In 2000, Smith and then-boyfriend Andrew Oshrin launched a fashion line called Milly. Working from an initial $50,000 investment by Oshrin, the pair set a goal of doing $1.2 million in gross revenue in their first year of sales. Smith's colorful, patterned designs were an immediate success and Milly met the sales goal in three months; the line became profitable within a year. The brand opened its first store in 2011.

Writing in Vogue in 2012, Brittany Adams called Milly "the brand that built itself on ladylike designs with an edge." Discussing the line in 2018, fashion critic Robin Givhan characterized Milly as "not a rarefied brand. While it's designer driven, it's rooted in American sportswear and with cocktail dresses priced at $850 or so, it falls into the fashion category of affordable luxury: aspirational, but not impossible."

At its peak, Milly grossed about $50 million annually.

Detail from First Lady Michelle Obama showing the colors, pattern and texture on the skirt of the dress Smith designed as interpreted by Sherald

A design from Smith's Spring 2017 collection for Milly was selected as the dress First Lady Michelle Obama would wear in her official portrait for the National Portrait Gallery by Amy Sherald. Smith had worked with Obama and her stylist Meredith Koop previously, including for an Essence cover shoot, and pulled the dress from production when Koop expressed interest, so that the design could remain unique to Obama. They worked remotely, with Smith tailoring the dress to Obama's measurements; she learned her dress, one of two final contenders, was likely the one Obama would wear for the sitting, but the final wardrobe decision wasn't revealed until the portrait's unveiling ceremony. Smith said she felt the dress was appropriate to the portrait because its style was representative of the way Obama dressed in her daily life; additionally, Smith considered the material and design symbolic of Obama's contemporary sensibilities in her life overall: "It's made of a stretch cotton poplin print in a clean, minimal, geometric print without a reference to anything past or nostalgic, which gives the dress a very forward-thinking sensibility—this is very Michelle Obama." The portrait's painter Amy Sherald, by contrast, found inspiration in the historical echoes she saw in the dress's color and pattern, feeling it recalled paintings by Piet Mondrian as well as the historic Gee's Bend quilts from the small, remote community in Alabama descended from formerly enslaved African Americans.

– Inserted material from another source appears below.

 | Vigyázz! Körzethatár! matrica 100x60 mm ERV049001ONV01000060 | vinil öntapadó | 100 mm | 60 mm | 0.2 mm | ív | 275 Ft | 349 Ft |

Obama was also pictured wearing a striped Milly top on January 17, 2017, her last birthday in the White House, taking a final walk through the building in the Administration's last days.

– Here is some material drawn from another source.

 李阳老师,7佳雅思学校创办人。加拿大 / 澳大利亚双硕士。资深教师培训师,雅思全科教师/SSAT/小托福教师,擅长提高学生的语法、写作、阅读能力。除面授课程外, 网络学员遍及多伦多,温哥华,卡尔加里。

In 2019, Smith and Oshrin sold Milly to apparel company S. Rothschild & Co.

===After Milly===
In 2020, Smith launched a direct-to-consumer fashion brand called Michelle Smith. The new line is more casual than Milly—a response, Smith said, to the new emphasis on comfort during the COVID-19 pandemic when there was little use for office or special occasion wear—but uses upscale materials and details. She plans to design two collections annually.

== Personal life ==

Smith's partner is celebrity SoulCycle instructor and author Stacey Griffith. Smith was previously married to Andrew Oshrin, with whom she built Milly. Married in 2003, they had two children together before separating in 2017 and divorcing in 2019.